» **Recorded data**
━━━

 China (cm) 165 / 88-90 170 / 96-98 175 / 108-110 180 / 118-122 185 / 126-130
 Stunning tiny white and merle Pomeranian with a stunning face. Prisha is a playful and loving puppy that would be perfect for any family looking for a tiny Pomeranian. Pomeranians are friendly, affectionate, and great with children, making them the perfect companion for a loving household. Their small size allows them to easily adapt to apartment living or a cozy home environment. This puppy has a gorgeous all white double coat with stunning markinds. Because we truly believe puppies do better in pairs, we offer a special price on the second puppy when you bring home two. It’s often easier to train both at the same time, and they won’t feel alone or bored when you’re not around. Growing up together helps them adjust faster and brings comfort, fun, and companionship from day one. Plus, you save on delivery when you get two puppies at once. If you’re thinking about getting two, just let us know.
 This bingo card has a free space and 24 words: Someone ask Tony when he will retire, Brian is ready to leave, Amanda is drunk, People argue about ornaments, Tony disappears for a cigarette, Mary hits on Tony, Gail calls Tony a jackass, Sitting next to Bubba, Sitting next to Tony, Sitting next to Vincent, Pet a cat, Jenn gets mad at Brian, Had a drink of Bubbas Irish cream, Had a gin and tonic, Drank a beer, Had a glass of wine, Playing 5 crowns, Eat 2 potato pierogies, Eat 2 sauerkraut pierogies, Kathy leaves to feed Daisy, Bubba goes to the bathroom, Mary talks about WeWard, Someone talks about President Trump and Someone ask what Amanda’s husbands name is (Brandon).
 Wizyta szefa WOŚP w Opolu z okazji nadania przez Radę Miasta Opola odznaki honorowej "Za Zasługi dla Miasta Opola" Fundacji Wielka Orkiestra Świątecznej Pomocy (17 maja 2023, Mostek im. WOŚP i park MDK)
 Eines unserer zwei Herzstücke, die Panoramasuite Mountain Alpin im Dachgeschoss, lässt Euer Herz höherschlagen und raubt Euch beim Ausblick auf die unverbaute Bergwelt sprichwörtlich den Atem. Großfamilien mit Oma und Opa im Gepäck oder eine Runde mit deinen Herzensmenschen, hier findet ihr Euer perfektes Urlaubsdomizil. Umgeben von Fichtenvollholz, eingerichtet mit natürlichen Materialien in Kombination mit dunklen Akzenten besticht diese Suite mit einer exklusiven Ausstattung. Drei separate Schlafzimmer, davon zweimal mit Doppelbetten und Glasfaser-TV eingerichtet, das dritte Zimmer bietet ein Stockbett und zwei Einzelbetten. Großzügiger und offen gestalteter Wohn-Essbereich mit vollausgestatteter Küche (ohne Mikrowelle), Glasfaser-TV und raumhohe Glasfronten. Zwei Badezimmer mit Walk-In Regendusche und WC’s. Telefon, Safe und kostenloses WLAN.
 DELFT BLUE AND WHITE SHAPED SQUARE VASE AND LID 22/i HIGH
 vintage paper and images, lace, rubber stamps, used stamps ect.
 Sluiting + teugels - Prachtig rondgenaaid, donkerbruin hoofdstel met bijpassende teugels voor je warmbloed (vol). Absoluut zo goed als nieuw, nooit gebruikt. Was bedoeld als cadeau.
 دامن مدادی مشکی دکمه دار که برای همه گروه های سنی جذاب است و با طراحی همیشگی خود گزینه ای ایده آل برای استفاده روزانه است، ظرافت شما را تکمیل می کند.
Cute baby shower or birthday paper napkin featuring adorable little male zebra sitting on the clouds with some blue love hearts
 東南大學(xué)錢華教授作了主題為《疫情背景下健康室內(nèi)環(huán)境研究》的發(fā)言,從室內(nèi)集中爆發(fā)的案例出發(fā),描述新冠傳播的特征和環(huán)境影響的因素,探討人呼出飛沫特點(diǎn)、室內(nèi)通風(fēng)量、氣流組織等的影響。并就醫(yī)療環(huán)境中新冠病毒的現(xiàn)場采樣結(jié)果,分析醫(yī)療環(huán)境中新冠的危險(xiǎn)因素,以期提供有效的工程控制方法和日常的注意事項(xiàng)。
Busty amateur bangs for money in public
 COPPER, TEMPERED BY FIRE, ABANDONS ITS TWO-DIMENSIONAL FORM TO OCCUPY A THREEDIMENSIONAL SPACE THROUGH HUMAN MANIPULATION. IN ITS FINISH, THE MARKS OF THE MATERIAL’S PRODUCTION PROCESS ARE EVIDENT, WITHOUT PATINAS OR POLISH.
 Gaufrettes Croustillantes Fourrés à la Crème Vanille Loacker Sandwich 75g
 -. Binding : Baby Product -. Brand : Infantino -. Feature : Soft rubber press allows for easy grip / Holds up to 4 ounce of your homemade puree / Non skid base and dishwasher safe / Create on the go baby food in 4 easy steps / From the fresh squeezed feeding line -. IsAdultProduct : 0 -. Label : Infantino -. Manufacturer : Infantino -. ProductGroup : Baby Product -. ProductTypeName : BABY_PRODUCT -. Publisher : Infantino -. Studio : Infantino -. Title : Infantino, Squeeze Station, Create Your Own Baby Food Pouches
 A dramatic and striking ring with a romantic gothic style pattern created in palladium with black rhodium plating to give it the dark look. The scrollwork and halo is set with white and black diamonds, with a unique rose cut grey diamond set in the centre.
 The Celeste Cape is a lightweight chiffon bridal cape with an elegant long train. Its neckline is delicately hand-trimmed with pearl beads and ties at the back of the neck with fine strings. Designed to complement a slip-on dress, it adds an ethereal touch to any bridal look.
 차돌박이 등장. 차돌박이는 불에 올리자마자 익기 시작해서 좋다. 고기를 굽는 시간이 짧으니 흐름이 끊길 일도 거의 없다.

━━━

» **Exercise instructions**
Within the material above, output exactly the lines from the one with "vintage paper and" through the one with "دامن مدادی مشکی", end lines included, and nothing besides.

» **Output of the exercise**
 vintage paper and images, lace, rubber stamps, used stamps ect.
 Sluiting + teugels - Prachtig rondgenaaid, donkerbruin hoofdstel met bijpassende teugels voor je warmbloed (vol). Absoluut zo goed als nieuw, nooit gebruikt. Was bedoeld als cadeau.
 دامن مدادی مشکی دکمه دار که برای همه گروه های سنی جذاب است و با طراحی همیشگی خود گزینه ای ایده آل برای استفاده روزانه است، ظرافت شما را تکمیل می کند.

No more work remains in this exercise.